*DATA SHOWN*
***

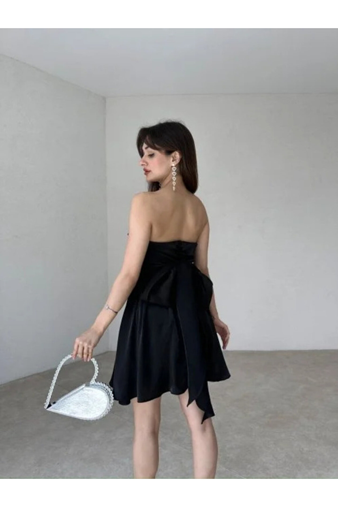 Zarif ve şık tasarımıyla dikkat çeken bu elbise, özel günlerinizde göz alıcı bir görünüm sunar; Mini boyu ile feminen ve modern bir siluet oluştururken, straplez kesimi sayesinde rahat hareket etme özgürlüğü sağlar; Dantel dokuma tipi, elbiseye sofistike bir hava katarken, siyah rengiyle her zaman asil ve şık duruşunu korur; Astarlı yapısı sayesinde konforlu bir kullanım sunarken, tüm yaş gruplarına hitap eden tasarımıyla geniş bir kullanıcı yelpazesine sahiptir; Slim kalıbı vücut hatlarını zarifçe sararak feminen bir duruş sergiler ve genç yaş grubuna özel olarak tasarlanmıştır; Parlak saten kumaşı ile ışıltınızı ön plana çıkarırken, sırt fiyonk detayıyla feminen detaylara yer vererek estetik bir dokunuş sağlar;
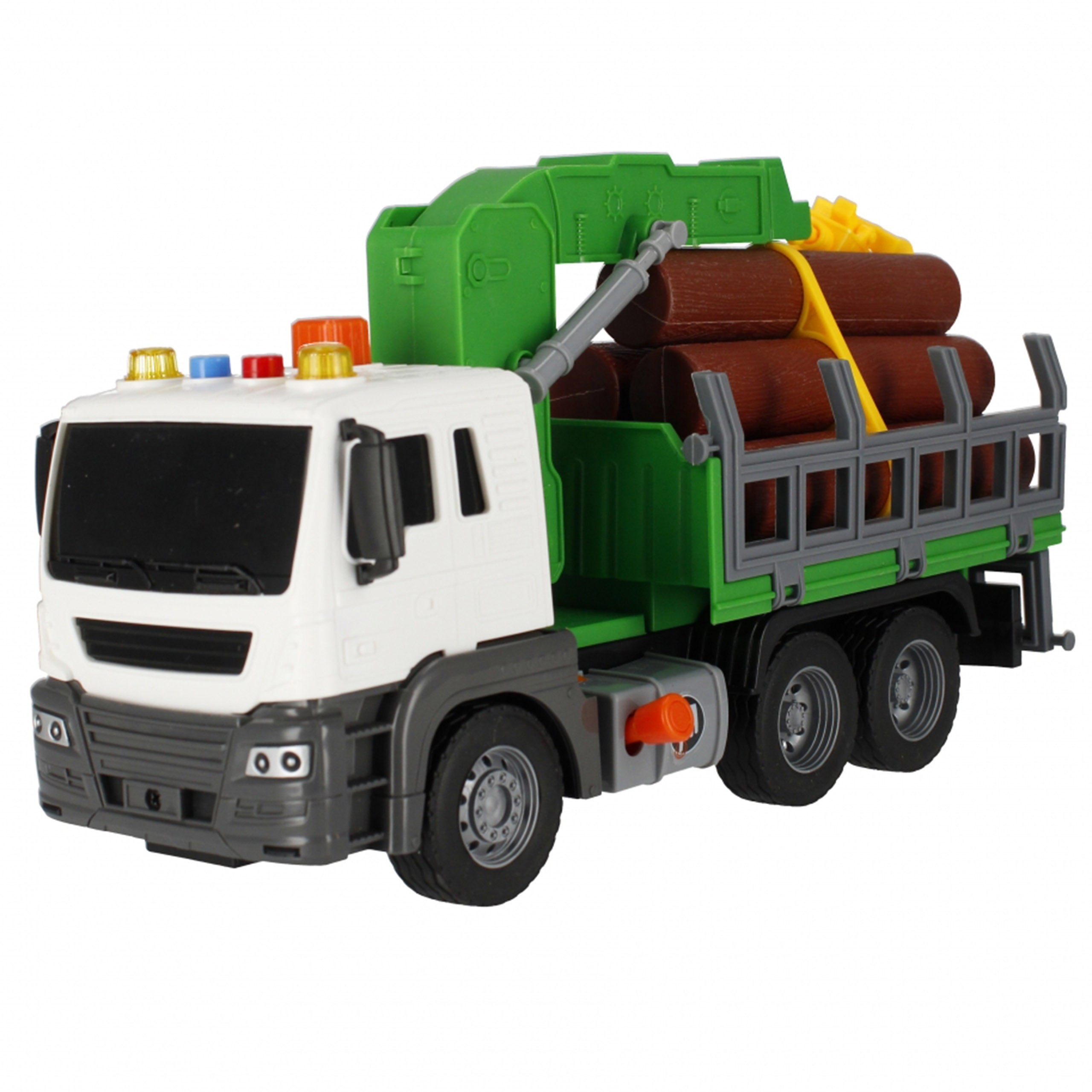 Auto ciężarowe dźwig z przyczepą i kłodami drewna od MEGA CREATIVE to idealna zabawka dla dzieci powyżej 3 roku życia, rozwijająca ich wyobraźnię.
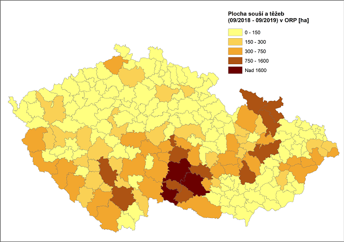 Na základě aktuální analýzy bylo období září 2018 až září 2019 v jehličnatých porostech detekováno přibližně 37 tis. ha těžeb a přibližně 8 tis. ha souší k září 2019. Vzhledem k výraznému zhoršení situace i v borových porostech byla na rozdíl od předchozích aktualizací provedena analýza nejen se zaměřením na smrkové porosty, ale i pro všechny ostatní jehličnaté porosty, které jsou nyní zobrazeny v mapových výstupech.
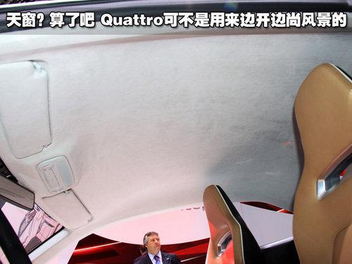 通過(guò)這張圖我們可以看出奧迪Quattro概念車并未配備天窗,不過(guò)大家也不必疑問(wèn)為何這樣一款好車連天窗都沒(méi)有,對(duì)于奧迪Quattro概念車來(lái)說(shuō),它的用途可不是欣賞風(fēng)景,競(jìng)速才是它的真正目的。
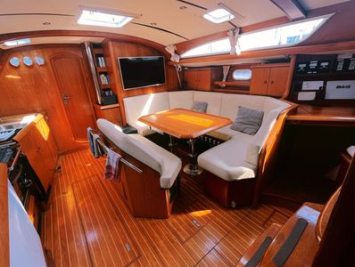 This beautiful, spacious Jeanneau Sun Odyssey has a stunning teak interior in immaculate condition. The 3 cabins with 2 heads layout have a double owner’s cabin in the bow with an en-suite head and two cabins in the stern with the second head located next to the galley; both heads are equipped with a shower and a Jabsco marine manual toilet (2025). All of the double berths have new (2024) special breathable mattresses for boats and premium quality 14cm Flexima and pillows for your comfort. There is a folding bed system with hydraulics installed (2024) in the bow cabin to take advantage of all the storage under the bed. In the salon the main table is on hydraulic legs with two custom cushions that allow converting the central space into a large bed for extra guests. The galley has ample counter space with large double sinks and is equipped with an independent chest-style fridge and freezer with digital thermostat, and an induction cooktop and electric oven for greater safety. For extra comfort there are 2 air conditioners: Climma Marine Air Conditioning Compact 12 R EH heat pump - one for the bow cabin and main cabin and the other for the stern cabins.

***

*EXERCISE BRIEF*
Set down every entry exactly as it appears, but skip the pictures.

*ANSWER TO THIS EXERCISE*
 Zarif ve şık tasarımıyla dikkat çeken bu elbise, özel günlerinizde göz alıcı bir görünüm sunar; Mini boyu ile feminen ve modern bir siluet oluştururken, straplez kesimi sayesinde rahat hareket etme özgürlüğü sağlar; Dantel dokuma tipi, elbiseye sofistike bir hava katarken, siyah rengiyle her zaman asil ve şık duruşunu korur; Astarlı yapısı sayesinde konforlu bir kullanım sunarken, tüm yaş gruplarına hitap eden tasarımıyla geniş bir kullanıcı yelpazesine sahiptir; Slim kalıbı vücut hatlarını zarifçe sararak feminen bir duruş sergiler ve genç yaş grubuna özel olarak tasarlanmıştır; Parlak saten kumaşı ile ışıltınızı ön plana çıkarırken, sırt fiyonk detayıyla feminen detaylara yer vererek estetik bir dokunuş sağlar;
 Auto ciężarowe dźwig z przyczepą i kłodami drewna od MEGA CREATIVE to idealna zabawka dla dzieci powyżej 3 roku życia, rozwijająca ich wyobraźnię.
 Na základě aktuální analýzy bylo období září 2018 až září 2019 v jehličnatých porostech detekováno přibližně 37 tis. ha těžeb a přibližně 8 tis. ha souší k září 2019. Vzhledem k výraznému zhoršení situace i v borových porostech byla na rozdíl od předchozích aktualizací provedena analýza nejen se zaměřením na smrkové porosty, ale i pro všechny ostatní jehličnaté porosty, které jsou nyní zobrazeny v mapových výstupech.
 通過(guò)這張圖我們可以看出奧迪Quattro概念車并未配備天窗,不過(guò)大家也不必疑問(wèn)為何這樣一款好車連天窗都沒(méi)有,對(duì)于奧迪Quattro概念車來(lái)說(shuō),它的用途可不是欣賞風(fēng)景,競(jìng)速才是它的真正目的。
 This beautiful, spacious Jeanneau Sun Odyssey has a stunning teak interior in immaculate condition. The 3 cabins with 2 heads layout have a double owner’s cabin in the bow with an en-suite head and two cabins in the stern with the second head located next to the galley; both heads are equipped with a shower and a Jabsco marine manual toilet (2025). All of the double berths have new (2024) special breathable mattresses for boats and premium quality 14cm Flexima and pillows for your comfort. There is a folding bed system with hydraulics installed (2024) in the bow cabin to take advantage of all the storage under the bed. In the salon the main table is on hydraulic legs with two custom cushions that allow converting the central space into a large bed for extra guests. The galley has ample counter space with large double sinks and is equipped with an independent chest-style fridge and freezer with digital thermostat, and an induction cooktop and electric oven for greater safety. For extra comfort there are 2 air conditioners: Climma Marine Air Conditioning Compact 12 R EH heat pump - one for the bow cabin and main cabin and the other for the stern cabins.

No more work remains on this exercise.